Caden flinched violently. A tiny gasp of pain escaped his lips, and his free hand instantly shot over to grab the fabric of his sleeve, trying to pull it back down in a panic.
The sound of his pain snapped Arla out of her daze. She instantly loosened her grip, but her hands were shaking uncontrollably.
She ignored his attempt to hide it. She pushed the sleeve higher, rolling it all the way up to his shoulder. The puncture wounds didn't stop at his forearm. They trailed all the way up the sensitive inner skin of his bicep. Old, yellowing bruises mixed with fresh, angry red dots.
The room spun. Arla's stomach hollowed out, acid burning the back of her throat.
"Caden," her voice came out as a broken, terrifying rasp. "Who did this to you?"
Caden dropped his chin to his chest, refusing to look at her. His little fingers twisted the fabric of his shirt. "I... I fell down outside."
The lie was so obvious, so desperate, it felt like a physical knife twisting in Arla's gut. She took a deep breath, forcing the murderous rage down so she wouldn't terrify him further.
She shifted on her knees until she was at eye level with him. She kept her voice incredibly soft, but firm. "Baby, look at Mommy. I chased the bad people away tonight. No one is ever going to hurt you again. Tell me the truth."
Caden looked up. He saw the fierce, protective fire in his mother's red eyes. His bottom lip quivered, and the tears he had been holding back finally spilled over.
"It was Auntie Blair," he sobbed, his small shoulders shaking. "She said I was bad. She said I was a... a bastard. She used the needle."

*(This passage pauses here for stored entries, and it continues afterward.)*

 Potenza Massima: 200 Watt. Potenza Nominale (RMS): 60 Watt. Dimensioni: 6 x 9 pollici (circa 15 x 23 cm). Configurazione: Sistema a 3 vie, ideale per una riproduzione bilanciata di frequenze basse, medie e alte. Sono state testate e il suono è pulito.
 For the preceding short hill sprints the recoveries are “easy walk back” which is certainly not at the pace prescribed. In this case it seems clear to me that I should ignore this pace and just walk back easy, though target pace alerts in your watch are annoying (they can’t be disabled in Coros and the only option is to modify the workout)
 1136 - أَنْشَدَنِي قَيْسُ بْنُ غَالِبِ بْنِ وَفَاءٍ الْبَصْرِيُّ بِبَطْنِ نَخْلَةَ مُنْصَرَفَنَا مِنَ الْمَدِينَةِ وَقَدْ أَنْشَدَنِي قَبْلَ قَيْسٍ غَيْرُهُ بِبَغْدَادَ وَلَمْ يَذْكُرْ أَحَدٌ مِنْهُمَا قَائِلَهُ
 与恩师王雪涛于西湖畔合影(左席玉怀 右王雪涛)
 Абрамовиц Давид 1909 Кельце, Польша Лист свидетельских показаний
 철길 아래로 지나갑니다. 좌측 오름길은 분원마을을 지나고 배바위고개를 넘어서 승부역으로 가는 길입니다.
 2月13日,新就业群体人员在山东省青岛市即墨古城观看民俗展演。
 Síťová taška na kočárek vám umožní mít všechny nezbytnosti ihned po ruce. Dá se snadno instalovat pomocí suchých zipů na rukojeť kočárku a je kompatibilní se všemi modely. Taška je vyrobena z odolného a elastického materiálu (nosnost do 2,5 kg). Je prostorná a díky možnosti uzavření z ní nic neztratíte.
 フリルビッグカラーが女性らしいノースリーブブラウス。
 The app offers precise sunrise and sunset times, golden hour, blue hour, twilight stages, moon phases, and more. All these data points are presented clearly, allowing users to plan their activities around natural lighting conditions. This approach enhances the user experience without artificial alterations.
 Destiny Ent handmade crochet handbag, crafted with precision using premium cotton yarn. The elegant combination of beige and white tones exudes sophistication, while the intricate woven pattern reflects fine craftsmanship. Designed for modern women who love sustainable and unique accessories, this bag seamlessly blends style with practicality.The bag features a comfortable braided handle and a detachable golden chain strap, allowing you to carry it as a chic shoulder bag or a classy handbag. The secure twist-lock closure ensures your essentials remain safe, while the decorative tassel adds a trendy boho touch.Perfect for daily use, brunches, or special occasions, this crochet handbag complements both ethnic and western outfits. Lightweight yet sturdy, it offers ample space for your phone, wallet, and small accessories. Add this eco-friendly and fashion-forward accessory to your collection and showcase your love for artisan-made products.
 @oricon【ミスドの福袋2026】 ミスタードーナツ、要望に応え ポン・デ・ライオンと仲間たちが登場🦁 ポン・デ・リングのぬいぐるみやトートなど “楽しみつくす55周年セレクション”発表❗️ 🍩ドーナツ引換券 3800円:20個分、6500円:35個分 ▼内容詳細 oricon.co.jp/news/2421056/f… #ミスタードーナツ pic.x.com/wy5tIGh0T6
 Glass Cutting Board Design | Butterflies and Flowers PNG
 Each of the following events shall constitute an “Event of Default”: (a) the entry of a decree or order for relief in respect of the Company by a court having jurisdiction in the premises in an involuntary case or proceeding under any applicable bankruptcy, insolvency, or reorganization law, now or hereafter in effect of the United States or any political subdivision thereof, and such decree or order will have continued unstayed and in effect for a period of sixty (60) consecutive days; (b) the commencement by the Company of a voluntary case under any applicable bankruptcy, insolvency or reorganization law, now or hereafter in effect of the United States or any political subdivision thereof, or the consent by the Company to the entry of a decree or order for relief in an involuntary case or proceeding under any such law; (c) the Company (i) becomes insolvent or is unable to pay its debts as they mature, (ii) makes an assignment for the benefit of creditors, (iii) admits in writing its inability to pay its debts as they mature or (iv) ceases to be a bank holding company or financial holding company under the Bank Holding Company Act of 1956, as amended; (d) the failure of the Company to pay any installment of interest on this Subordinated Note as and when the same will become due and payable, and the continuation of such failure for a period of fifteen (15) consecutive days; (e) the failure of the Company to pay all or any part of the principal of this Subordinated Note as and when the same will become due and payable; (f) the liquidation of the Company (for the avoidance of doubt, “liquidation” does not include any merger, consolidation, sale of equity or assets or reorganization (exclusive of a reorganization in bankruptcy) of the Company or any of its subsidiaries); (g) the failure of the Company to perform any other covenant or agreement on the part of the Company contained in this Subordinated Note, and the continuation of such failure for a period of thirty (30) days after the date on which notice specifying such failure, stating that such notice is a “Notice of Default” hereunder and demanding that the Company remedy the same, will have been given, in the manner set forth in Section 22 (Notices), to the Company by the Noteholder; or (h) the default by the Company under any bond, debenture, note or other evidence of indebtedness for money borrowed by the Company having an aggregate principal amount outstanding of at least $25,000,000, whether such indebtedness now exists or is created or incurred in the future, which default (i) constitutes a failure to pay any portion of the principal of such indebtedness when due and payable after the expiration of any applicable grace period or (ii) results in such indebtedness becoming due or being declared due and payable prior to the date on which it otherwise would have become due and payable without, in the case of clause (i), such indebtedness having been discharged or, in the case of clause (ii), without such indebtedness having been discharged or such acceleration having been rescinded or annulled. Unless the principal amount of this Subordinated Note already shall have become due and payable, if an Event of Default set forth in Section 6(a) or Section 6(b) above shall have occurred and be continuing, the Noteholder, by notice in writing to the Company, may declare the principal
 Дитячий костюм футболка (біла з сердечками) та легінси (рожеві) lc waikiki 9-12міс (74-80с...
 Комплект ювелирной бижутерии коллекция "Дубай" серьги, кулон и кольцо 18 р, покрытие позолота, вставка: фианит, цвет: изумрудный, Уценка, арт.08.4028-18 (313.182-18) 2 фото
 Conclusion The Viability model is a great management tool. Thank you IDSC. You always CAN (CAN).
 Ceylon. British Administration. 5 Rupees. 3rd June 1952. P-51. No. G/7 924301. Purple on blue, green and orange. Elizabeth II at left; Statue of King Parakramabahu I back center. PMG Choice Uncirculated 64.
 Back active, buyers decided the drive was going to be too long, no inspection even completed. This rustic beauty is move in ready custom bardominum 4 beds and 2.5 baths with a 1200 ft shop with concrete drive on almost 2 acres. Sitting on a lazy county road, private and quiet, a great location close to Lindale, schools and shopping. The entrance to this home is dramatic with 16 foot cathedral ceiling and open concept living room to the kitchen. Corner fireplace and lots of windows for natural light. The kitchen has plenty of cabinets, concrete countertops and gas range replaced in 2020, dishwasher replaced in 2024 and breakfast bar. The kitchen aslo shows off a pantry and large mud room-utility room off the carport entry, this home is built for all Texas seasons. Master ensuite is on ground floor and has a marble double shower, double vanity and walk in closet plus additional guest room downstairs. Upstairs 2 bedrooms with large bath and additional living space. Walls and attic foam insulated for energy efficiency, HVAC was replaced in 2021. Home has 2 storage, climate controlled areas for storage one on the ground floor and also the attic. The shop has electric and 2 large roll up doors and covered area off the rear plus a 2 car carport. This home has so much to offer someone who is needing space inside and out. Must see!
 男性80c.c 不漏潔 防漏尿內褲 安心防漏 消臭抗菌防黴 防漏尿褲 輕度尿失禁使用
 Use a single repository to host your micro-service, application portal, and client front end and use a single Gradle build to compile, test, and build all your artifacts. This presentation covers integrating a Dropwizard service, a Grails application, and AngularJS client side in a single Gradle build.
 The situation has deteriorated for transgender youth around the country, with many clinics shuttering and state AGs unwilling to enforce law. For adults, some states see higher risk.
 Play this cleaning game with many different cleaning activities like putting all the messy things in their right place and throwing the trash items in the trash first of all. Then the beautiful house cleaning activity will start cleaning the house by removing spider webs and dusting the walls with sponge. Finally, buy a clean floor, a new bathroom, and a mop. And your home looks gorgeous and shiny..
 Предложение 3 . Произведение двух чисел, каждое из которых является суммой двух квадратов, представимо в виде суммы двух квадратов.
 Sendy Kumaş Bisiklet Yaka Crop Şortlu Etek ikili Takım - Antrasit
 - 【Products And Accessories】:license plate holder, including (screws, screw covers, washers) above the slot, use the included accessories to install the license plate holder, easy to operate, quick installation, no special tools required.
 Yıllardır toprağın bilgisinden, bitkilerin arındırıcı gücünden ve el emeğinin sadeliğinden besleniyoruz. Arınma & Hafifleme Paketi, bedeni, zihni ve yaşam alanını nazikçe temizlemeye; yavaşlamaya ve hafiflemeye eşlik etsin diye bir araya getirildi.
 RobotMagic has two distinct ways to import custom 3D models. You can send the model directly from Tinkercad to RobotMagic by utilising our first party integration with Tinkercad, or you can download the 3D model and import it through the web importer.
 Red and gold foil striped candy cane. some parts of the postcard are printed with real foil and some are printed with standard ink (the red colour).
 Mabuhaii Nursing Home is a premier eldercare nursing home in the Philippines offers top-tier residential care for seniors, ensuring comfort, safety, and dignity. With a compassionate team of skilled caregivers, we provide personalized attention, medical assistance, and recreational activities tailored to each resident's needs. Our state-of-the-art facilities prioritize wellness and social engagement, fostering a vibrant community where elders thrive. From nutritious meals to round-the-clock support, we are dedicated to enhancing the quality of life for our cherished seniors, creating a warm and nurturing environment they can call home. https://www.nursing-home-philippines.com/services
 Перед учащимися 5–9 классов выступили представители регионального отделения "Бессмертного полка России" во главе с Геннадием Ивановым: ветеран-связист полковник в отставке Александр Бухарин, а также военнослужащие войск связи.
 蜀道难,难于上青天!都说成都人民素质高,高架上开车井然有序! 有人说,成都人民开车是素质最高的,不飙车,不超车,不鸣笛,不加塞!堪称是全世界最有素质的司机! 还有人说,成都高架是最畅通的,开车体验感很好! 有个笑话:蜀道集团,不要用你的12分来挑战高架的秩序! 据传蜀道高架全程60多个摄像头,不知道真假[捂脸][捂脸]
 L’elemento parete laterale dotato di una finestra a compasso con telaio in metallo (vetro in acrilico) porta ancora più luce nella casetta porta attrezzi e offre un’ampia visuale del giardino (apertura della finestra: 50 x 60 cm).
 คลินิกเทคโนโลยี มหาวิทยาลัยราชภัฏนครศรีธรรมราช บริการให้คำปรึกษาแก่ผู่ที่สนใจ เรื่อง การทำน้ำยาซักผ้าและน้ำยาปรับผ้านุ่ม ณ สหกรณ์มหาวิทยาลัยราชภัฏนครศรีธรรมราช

The confirmation hit Arla like a freight train. Her fingernails dug so fiercely into her palms that the skin broke, warm blood pooling in the creases of her hands. She didn't feel it.
"How long has she been doing this?" Arla asked, her heart breaking into a million pieces. "Why didn't you tell Mommy?"
Caden cried harder, his hands gripping her shirt.
"Because... because Uncle Clinton said if I told you, you would get kicked out of the big house. He said I would never see you again."
"Clinton?"
The name hit the air like a bomb. Arla's pupils contracted into tiny pinpricks.
The phantom pain of the hunting knife piercing her heart violently collided with the reality of her son's tortured arm.
Caden nodded, wiping his nose. "Uncle Clinton saw Auntie Blair poke me. But he just smiled. He gave me a piece of candy and told me it was our secret."
The last remaining thread of Arla's sanity evaporated.
She finally understood. The "accident" in her past life wasn't an accident. It was a calculated, sadistic execution.
Clinton Freeman. Her fiancé. The man who swore he loved her, who promised to treat Caden like his own blood. He wasn't just the man who murdered her-he was the monster who stood by and watched her son be tortured.
The explosive anger inside Arla suddenly vanished, replaced by an eerie, absolute stillness. The tears stopped.
She stood up. She walked over to the bathroom, grabbed a tube of antibiotic ointment, and walked back to the bed.
She lifted Caden onto her lap. She squeezed the clear gel onto her fingertips and began to apply it to his wounds, her touch lighter than a feather.
Caden hissed slightly at the cold gel, but he didn't pull away.
As she rubbed the ointment in, Arla's mind raced, connecting the pieces. The memory of Clinton's proposal flashed through her mind-not the fake romance, but the frantic, almost desperate look in his eyes when he pressed the ring into her hand. 'Once we're legally married, Arla. Once the boy is officially recognized under my name, the lawyers will unlock the estate accounts. Everything will be perfect then,' he had promised. They kept her and Caden alive for one reason: the massive family trust fund that she could only access once she was legally married and had a child.
She wiped her hands on a tissue. Her eyes were as cold and dead as a glacier.
She wasn't going to just run away. She was going to stay, and she was going to drag Clinton and the entire Sargent family straight to hell.